New here? Start with the reader-friendly guide
docs/mac-bridge.md(what the soft link is, the request/response flow, security, quickstart). This document is the deeper design record (transports M1/M2/M3 + fleet-integration evaluation).
- Status: M1 implemented (git-bus transport); M2/M3 designed
- Relates to: ADR 0009 (multi-host plane), PR #105 (CapabilityService),
PR #109 evidence gate (
inference_engine/bench/k3_report_gate.py),docs/ops/mac-m4-runner-setup.md - Implementation:
inference_engine/bridge/,scripts/mac_bridge/,.github/workflows/mac-bridge.yaml
Kakeya development now happens substantially through cloud agents running
on Linux x86 VMs with no Metal. Everything MLX-dependent — the MLX
verifier, mlx.distributed, the K3 Mac harness, the PR #109 evidence-gate
reruns — needs Apple Silicon. The project owns exactly one such machine:
the Mac mini registered as the self-hosted runner
[self-hosted, macOS, ARM64, kakeya-mac-m4], sitting behind NAT with
outbound-only connectivity (the Actions runner long-polls GitHub).

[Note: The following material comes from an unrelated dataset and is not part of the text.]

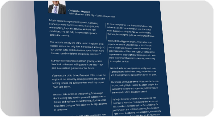 Vision for Economic Growth — a roadmap to prosperity 5 Foreword Foreword\ Nicholas Lyons Christopher Hayward The Rt. Hon The Lord Mayor of the City of London Policy Chairman of the City of London Corporation The UK has enjoyed numerous periods of strong the world’s pre-eminent 昀椀nancial centre under Britain needs strong economic growth. A growing We must demonstrate how 昀椀nancial markets can help economic growth in the past. After World War Two, increasing threat. The London Stock Exchange economy means more investment, more jobs, and deliver the world’s transition to net zero. The UK has 1 the nation saw a sustained period of economic growth raised £16.3bn in 2017 — but, in 2021 the 昀椀gure more funding for public services. With the right made the early running and now we need to solidify 27 and near-full employment until the 1970s. But there’s was just £10.5bn. Meanwhile, London was not conditions, FPS can help drive economic growth that lead, becoming the go-to partner for green 昀椀nance. nothing preordained about growth: a peak won’t the clear leader in the City of London Corporation’s across the country. necessarily follow this trough we 昀椀nd ourselves in, annual benchmarking report for the 昀椀rst time ever We must think bigger on exports. Financial services post-Covid. And while the City has for so long supported this year — instead ranking joint 昀椀rst with New York.The sector is already one of the United Kingdom’s great 11 By the exports were worth £91bn to UK plc in 2022. 8 the UK’s prosperity, there’s no guarantee that will success stories. Not only does it provide 2.5 million jobs,end of the decade they can be worth even more, a 9 but £100bn in tax contributions each year; that’s more always be the case. The right conditions must prevail — These challenges are a wake-up call, and we cannot potential additional £24bn over 6 years, if we take action 10 than we spend on defence and policing combined. keep hitting the “snooze” button. to promote our exporting 昀椀rms. More exports will create good levels of investment, digital infrastructure, agile more income for UK companies, meaning more money regulation, a coherent 昀椀scal regime, a supportive I’m happy to say that change is already underway to But with international competition growing — from for our public services. political environment — or the sector will not be able New York in the west to Singapore in the east — our to fuel our economy in the way it must to support 21st boost the FPS sector. Recent reviews including Hill, century industries.Kalifa, Austin and Kent have set wheels in motion. past success is no guarantee of our future.We must make sure we operate on solid ground: being a great place to do business, being competitive on tax Organisations like TheCityUK, UK Finance, the Association If we want the UK to thrive, if we want FPS to remain the and drawing in talented people from across the globe. At the moment, there are three key challenges of British Insurers, the Investment Association, the engine of our economy, driving economic growth and Financial Services Skills Commission, and the Capital hampering the UK economy and the 昀椀nancial and helping to fund the public services we all rely on, we professional services (FPS) sector in particular.Markets Industry Taskforce — to name just a few — Our shared aim must be for our FPS sector to be the best- must take action. in-class, driving UK plc, creating the wealth and jobs that are helping create real momentum. And the Financial support the economy and supporting public services for GDP growth rates and labour productivity are not what Services and Markets Act and Mansion House Reforms We must take action so that growing 昀椀rms can get the remainder of this decade and beyond. they once were. Between 1995 and 2005, GDP growth are tangible products of this work. But we need to have the 昀椀nancing they need to grow and succeed here in and average wages grew by 29% and 30% respectively a long-term strategy for FPS towards which we in the in real terms. But between 2010 and 2020, they grew by City can all work to boost the UK’s competitiveness.Britain, and not have to cast their nets further a昀椀eld. Vision for Economic Growth has been produced with 3 Between 2008 and 2020, the UK saw Small 昀椀rms that grow here today are the big employers the input of more than 300 stakeholders from across just 8% and 4%. productivity growth of just 0.4% per year, compared to of tomorrow. This “roadmap” builds on all of this — focusing on the FPS. It outlines the sector as it can be. A roadmap for 4 an average of 0.9% in the 25 richest OECD countries. policymakers and politicians to strengthen the sector “Big Moves” we need to make over the ensuing months and years to catalyse further change. There’s no quick We must take action to lead in the adoption of new right across the country, so that together, our economy One study suggests GDP growth booms are nine times technology, not follow on behind. We must give our can grow and our future can 昀氀ourish. We now have an 昀椀x for sustained growth, prosperity and international 5 more likely with a higher level of business investment.regulators the licence to operate at the cutting edge opportunity to back British success, promote our world- competitiveness. So, this is a long-term approach But UK business investment as a proportion of GDP and to lead on arti昀椀cial intelligence (AI), machine leading sectors, and drive economic growth. We can that will extend well beyond my term as Lord Mayor remains lower than in almost all other G7 economies — learning, and other technologies. By setting global and we must take it. and across the next Parliament. I’m con昀椀dent if all and it’s been this way for decades.6 the key stakeholders pull together and follow these standards, we can lead the way, providing a competitive recom

Constraints that shape the design:
- C1 — No inbound path to the Mac. No public IP, no port forwarding. Any transport must be initiated from the Mac side or relayed.
- C2 — Cloud agents are ephemeral and git-native. They reliably have:
a repo checkout, git push permission, and read-only
gh. They do NOT reliably have: VPN keys, SSH keys to the Mac, or workflow-dispatch permission. - C3 — The Mac executes whatever lands on it. A bridge that forwards arbitrary shell from an internet-facing queue to a desk machine is a remote-shell backdoor. Command surface must be an allowlist.

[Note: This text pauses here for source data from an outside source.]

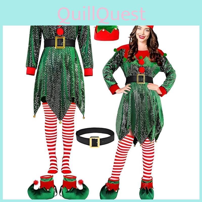 Восхитительный костюм эльфа для рождественской вечеринки для женщин с длинными рукавами и праздничным видом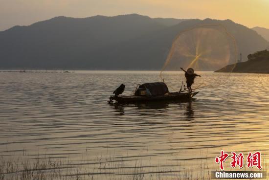 2021年6月,丹东市宽甸满族自治县振江镇绿江村,渔民在江中撒网。 中新社记者 于海洋 摄
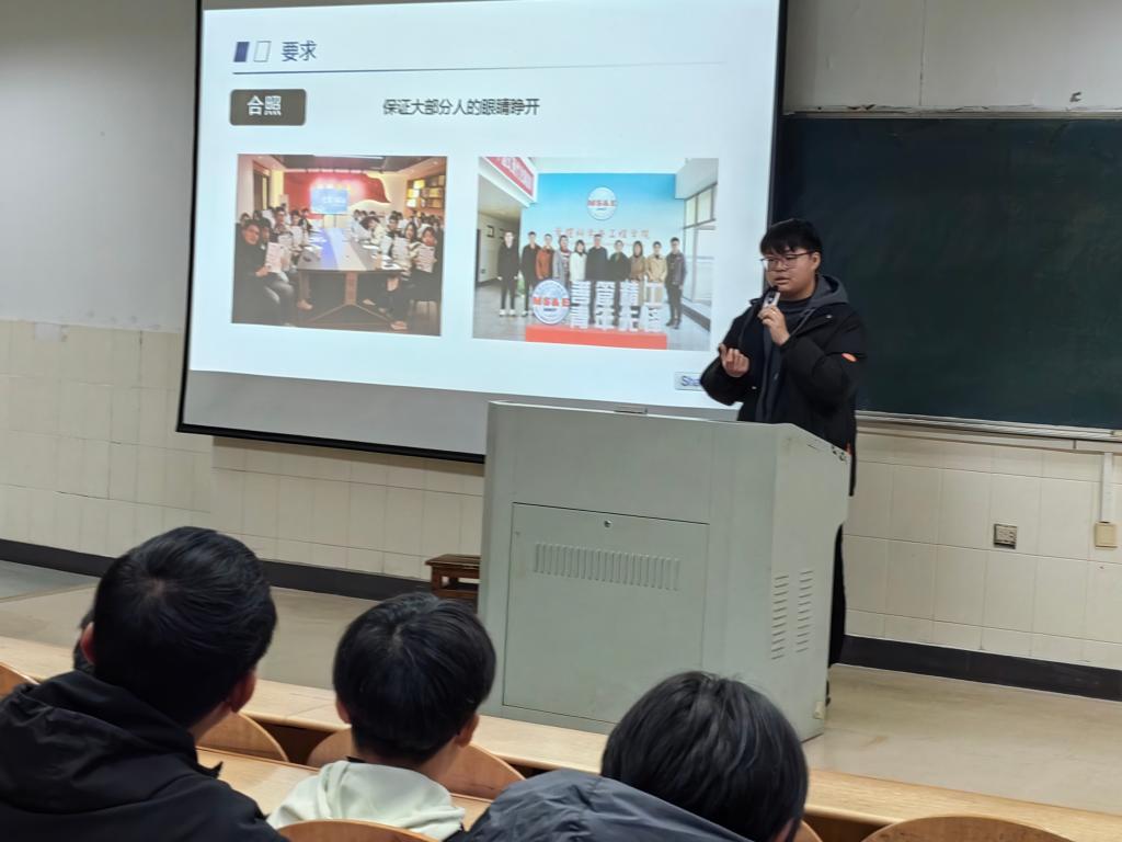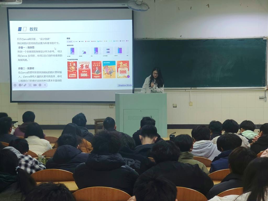 会上,编辑部司佳妮介绍了新闻稿的基本要素与撰写要领,指出新闻稿应遵循的基本原则,并以案例分析的方式列举稿件撰写中的常见误区及对应修改建议,提升学生对新闻写作的规范认识。记者团李少斌从合影、观众、活动全景与人物特写四类常见场景入手,重点讲解了照片拍摄的相关要求,并现场演示拍摄方法。新媒体部张梦缘聚焦图文排版,从排版设计的六大要素出发,强调图文推送要遵循色调统一、主次分明、信息清晰、风格简约的核心原则,并结合学院微信公众号的推送内容,重点分享了色彩搭配技巧。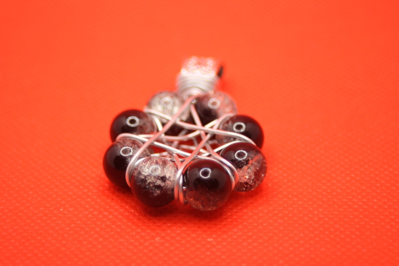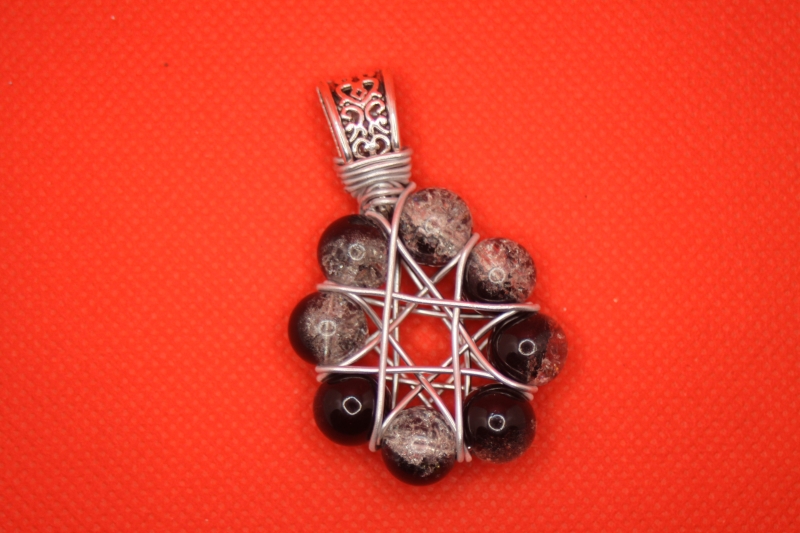Die Galsperlen sind hier mit Aluminiumdraht zu einem Stern gefertigt. Das ganze wirkt sehr jugendlich mit dem Lederhalsband.

- C4 — Evidence discipline. Results coming back from the Mac must flow through the PR #109 evidence gate, not around it.
M1 (this PR) M2 (queued) M3 (queued)
┌─────────────────┐ ┌──────────────────┐ ┌──────────────────────┐
│ git-bus │ │ tailnet SSH │ │ Kakeya fleet member │
│ │ │ │ │ │
│ agent ──push──► │ │ agent ──SSH──► │ │ agent ──gRPC──► │
│ mac-bridge/* │ │ Mac (tailscaled)│ │ CapabilityService │
│ branch+manifest│ │ interactive REPL│ │ ProposerService │
│ Mac runner: │ │ lldb / py-spy / │ │ (ADR 0009 plane, │
│ run preset, │ │ mlx debugging │ │ PR #105, over the │
│ commit results │ │ │ │ M2 tailnet) │
│ back to branch │ │ │ │ │
└─────────────────┘ └──────────────────┘ └──────────────────────┘
async, batch, interactive, programmatic,
zero new secrets needs TS authkey inference-native
The only transport that satisfies C1+C2 with zero new infrastructure: git is the RPC bus, the Actions runner is the executor, the branch is the session.
Protocol:
- Request. The agent runs
scripts/mac_bridge/request_run.py --preset <name> [--param k=v ...] [--ref <workload-ref>]. The client:- branches
mac-bridge/<preset>-<nonce>from the workload ref, - overlays the bridge files if the ref predates them (workflow +
executor must exist on the pushed branch —
on: pushworkflows execute the pushed commit's definition), - writes
.mac-bridge/request.json(the manifest), commits, pushes.
- branches
- Execute.
.github/workflows/mac-bridge.yamltriggers onpush: branches: ['mac-bridge/**'], runs onkakeya-mac-m4, serialized via amac-bridgeconcurrency group (one Mac). It callsscripts/mac_bridge/run_preset.py --manifest .mac-bridge/request.json, which validates the manifest against the preset allowlist (inference_engine/bridge/manifest.py) and executes the preset's fixed argv list — no shell interpolation of any user-controlled string (C3). - Respond. The runner commits
.mac-bridge/logs/+ any newresults/research/*.jsonback to the same branch and pushes; it also uploads them as workflow artifacts. K3 acceptance reports are passed throughscripts/validate_k3_reports.pyon the Mac so a non-conforming report fails the bridge run itself (C4). - Fetch. The agent polls with read-only
gh run list/view(or plaingit fetchuntil the result commit appears) viascripts/mac_bridge/fetch_results.py.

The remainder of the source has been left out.